HARARE, July 19 (Xinhua) -- The Zimbabwe Electoral Commission (ZEC) on Thursday refuted allegations made by an independent group that the voters' roll of the July 30 general elections is unclean and contains "ghost voters."
ZEC chairperson Priscilla Chigumba said in a statement that the commission had checked all the alleged ghosts and was satisfied that the voters who had the same names and dates of birth were unique individuals with unique photographs and fingerprints.
"The commission would be grateful to show the records of these individuals to stakeholders.
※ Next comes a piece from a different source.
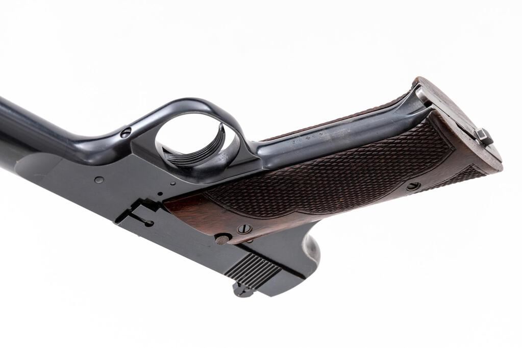Hi-Standard Model E Semi-Automatic Pistol, #36464, .22 L.R. cal., 6.75" heavy bull barrel, blade front and square notch adjustable rear sights, blue finish, deluxe checkered walnut target two-piece target grips with a thumb rest on the left panel, and one correct two-tone 10-rd. magazine. Left barrel lug is marked "MADE IN U.S.A./THE HIGH STANDARD MFG. CO./NEW HAVEN CONN." Mfg'd 1938. Pistol is in near fine overall condition retaining approx. 90%-92% factory blue finish with some thinning of finish at the muzzle, highpoint edgewear, and on the grip straps. Grips are very good showing some flattening to the checkering and flea bite compressions at the bases with a good look. Action is crisp, bore is very good. The Model E was a high-quality deluxe model of the hammerless series with a total production of approx. 2,600 units. Est.: $700-$900. (C&R/PPT)

The commission can therefore not disenfranchise them," she said.
The independent group calling itself "Team Pachedu" had accused ZEC of coming up with a voters' roll with 250,000 ghost voters.
Among the team's "findings" were the alleged duplication of identity numbers with different names, or slight changes to spellings, similar ID numbers and the same person registered at different polling stations.
However, Chigumba dismissed the analysis that the commission stuffed the roll with ghost voters based on the argument that the coincidence of having people with the same name, surname and date of birth was "statistically unlikely".
"The commission has taken note of these and wishes to advise stakeholders that an analysis of the number of voters in the roll with similar surnames shows that 115,446 voters have a Moyo surname," she said.
She said during the voters' roll inspection period, 114,691 requests data corrections were received and effected.
On the issue of duplicate national identity numbers, she said the commission had engaged the Registrar-General's Office for verification.
"Some cases were resolved while a number are still under investigation. In order for the commission to finalize the voters' roll in time for the elections, 1,667 cases of duplicate ID numbers that are still under investigation were excluded from the voters' roll and compiled in the Exclusion List."
She said 510 of these shared the same ID numbers but with different details while 1,157 shared the same ID numbers and details but were different individuals based on biometric data.